Questioning Skills Exercise: What’s My Name?

Questioning Skills Exercise: What’s My Name?


Purpose

This is a famous entertaining game were a player must guess the name written on a card by asking closed questions where the answers can be “yes” or “no”. The objective is to find the name as quickly as possible. Many variations can be used to bias the exercise based on your specific training needs. A variation of this exercise can be used to teach the importance of asking open questions as opposed to closed questions to maximise information transfer. See Variations for a guideline on this.

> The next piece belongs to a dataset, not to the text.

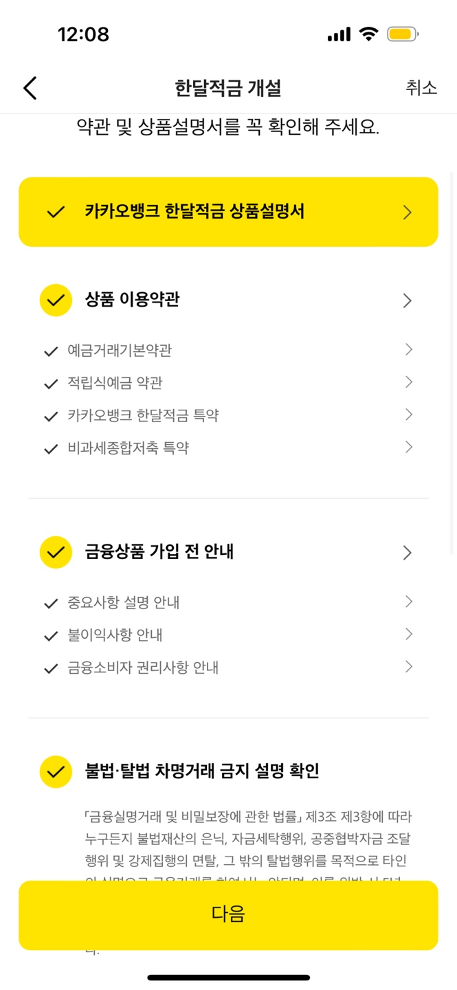 그럼 위처럼 춘식이가 나오고 "한달적금 신청하기" 버튼이 보입니다. 그 후 약관에 동의하고 매일 얼마씩 적금에 들건지 입금액을 입력하면 되는데요.

This exercise has become immortally famous by Quentin Tarantino’s Inglourious Basterds.

Objective

Find the name written on a card attached to your forehead by only using questions that lead to a “yes” or “no” answer.

What You Need

  • Sticky cards that can be stuck on a person’s forehead.
  • Prize (optional)

Setup

  • Create name cards. You have several options such as follows:
    • Choose the names yourself and write them on the cards before the exercise
    • Get the group to decide on the names.
    • You can limit the choice to a subset such as celebrities, actors, politicians, scientists, singers, people from the organisation, anyone who is participating in the exercise and so on.
  • Shuffle the cards and place them face down on the table.
  • Ask all to pick a card at random and stick it on their foreheads (make sure they stay secure). Each player should not be able to see his own card, but all others can.
  • Ask for a volunteer to be the first player.
  • The player should ask questions to find the name on the card. The questions should be formulated in a way to get a “yes” or a “no”.
  • Continue until the player discovers the name on this own card.
  • Nominate another person and repeat based on your available time.
  • Optionally, you can make the game competitive by assigning a prize for the player who finds the answer with the shortest number of questions.
  • Follow up with a discussion.

Timing

Explaining the Exercise: 5 minutes

Activity: 5 minutes per person

Group Feedback: 5 minutes

Discussion

How quickly did you find the names? What methods worked best? What styles of questioning help to get more information in less time?

Variations

One of the ways you can bias this exercise is by adjusting the type of questions that can be asked. For example, you can run the exercise first by forcing participants to use closed questions. Next, you can say that from now on players can use any type of questions they like (except, “What’s my name?” or similar). Most often, they will continue asking closed questions as a habit. As more players participate, they start to “discover” that by asking open questions, they can get to the answer much quicker.